A good example of such I can think of is the following statement – “there is nothing in this room”. I have always found this ironic because the speaker is in the room with the listener who receives the statement. So how can it be both? If there is nothing in the room, what exactly is the person? Isn’t the individual, who passed on the statement ‘something’? Now the basic answer to this would be the fact that the speaker was addressing the general emptiness of the room minus him/herself but that doesn’t really answers anything. It simply means that the person just interpreted the room’s emptiness and by all possible means (and somehow by the theory in quantum physics of observation changes the outcome and the reality), the room wasn’t empty after all. That will mean that as humans we already have a good and solid (supposed) notion of things like nothingness, emptiness, silence and we want them to act in the predetermined way, because anything else would be entirely out of the notion of normal behavior. I remember, as youngster I saw this interview of Stephen Hawking where he explained this ‘Observer Effect’ by stating an example of a chair in a room; we want the chair in the room to be there because we ‘know’ that it is the reality, that a chair doesn’t moves, because it cannot move. But what happens when we aren’t looking at it? How would one know if it just doesn’t flies out of the room to Mars or something when we leave for work and comes just before we return?

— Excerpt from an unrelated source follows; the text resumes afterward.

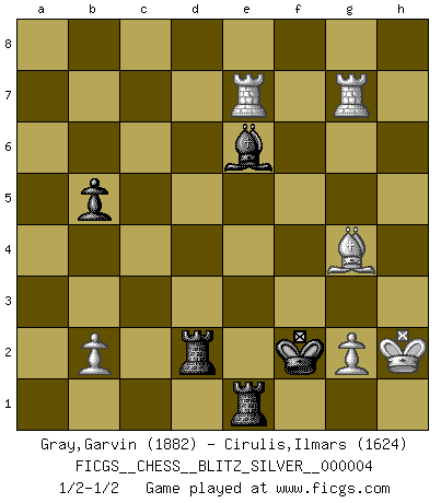 Last move : 1/2-1/2 2007 September 12 16:19:59 [Event "FICGS__CHESS__BLITZ_SILVER__000004"] [Site "FICGS"] [Date "2007.09.12"] [Round "1"] [White "Gray,Garvin"] [Black "Cirulis,Ilmars"] [Result "1/2-1/2"] [WhiteElo "1882"] [BlackElo "1624"] 1.e4 e5 2.Nf3 Nc6 3.Bb5 a6 4.Ba4 Nf6 5.O-O Bc5 6.c3 b5 7.Bc2 d5 8.d4 dxe4 9.Nxe5 Nxe5 10.dxe5 Qxd1 11.Bxd1 Ng4 12.Bf4 e3 13.fxe3 Nxe3 14.Bxe3 Bxe3+ 15.Kh1 Be6 16.a4 Bc4 17.Re1 Bf2 18.Re4 Rd8 19.Na3 Bd3 20.Rf4 Bc5 21.Nc2 O-O 22.Nd4 Bxd4 23.cxd4 g5 24.Rg4 h6 25.h4 Bf5 26.Rg3 Rxd4 27.hxg5 Re8 28.gxh6 Kh7 29.Rg7+ Kxh6 30.Rxf7 Rxe5 31.Bf3 Bd7 32.axb5 axb5 33.Ra6+ Kg5 34.Rg7+ Kf4 35.Rf6+ Ke3 36.R6f7 Be6 37.Rxc7 Rd2 38.Rce7 Kf2 39.Bg4 Re1+ 40.Kh2 1/2-1/2 Ruy Lopez : Moeller defense Kingside Castling by player White (move 5) Kingside Castling by player Black (move 21) This chess game ended in a draw. Follow this game move after move (download)Bobby Fischer is the greatest Chess player who has ever lived. (Ken Smith) Ich würde mich als ganz normalen Jungen bezeichnen [Im Alter von 12]. (Sergej Karjakin) Cuando tengas duda... ¡juega al Ajedrez!. (Tevis) Les Cavaliers se révèlent fort utiles dans les positions fermées. D'habitude, les Fous sont un peu plus forts que les Cavaliers dans les positions ouvertes. Qu'on le veuille ou non, il restera toujours des exceptions ! Always two there are. No more no less. A master, and an apprentice. (Master Yoda in Star Wars ep.1)

So, how would we know if the idea of nothing is just an idea that came up as we observed it and it changed its reality to suit our comprehension? The negation of something to make nothing, what if we added it because there isn’t an answer? And what if it worked? How would we know the difference?
I know this sound more like a science fiction, a bad drawing by a 5 year old, but then again, it is a curios question.

So, is ‘nothing’ nothing simply because we want it to be so? Since I quoted Descartes to prove the fact that we perceive and are persuaded to be something, because we want our reality to make sense, even if it means to concoct an enigma just to provide the idea of the other one. Again, coming back to the first conjecture I made, “Sound of Silence” isn’t just a song, it makes the paradox real enough to be a haunting idea.

If I was to make a very pretentious philosophical remark, just to add a bit more color, I have this to say – the shadow on the wall which bears my own resemblance is mine, which I believe. But then it isn’t me, it just a marker of me, it makes me ‘be’ by being nothing itself. It doesn’t want anything, it doesn’t require anything, yet it is there, within the reach but out of grasp. And perhaps so is nothing, it is just the shadow of everything and it makes us know its existence by putting minute moments of inexplicability that we fail to answer; that random thought in the middle of a busy schedule or the sudden image in the corner of our eyes or random figure in an empty room we thought we saw and we would just say ‘ah, it was nothing’.


so, this is what i wrote... pretty strong, eh? what do you think?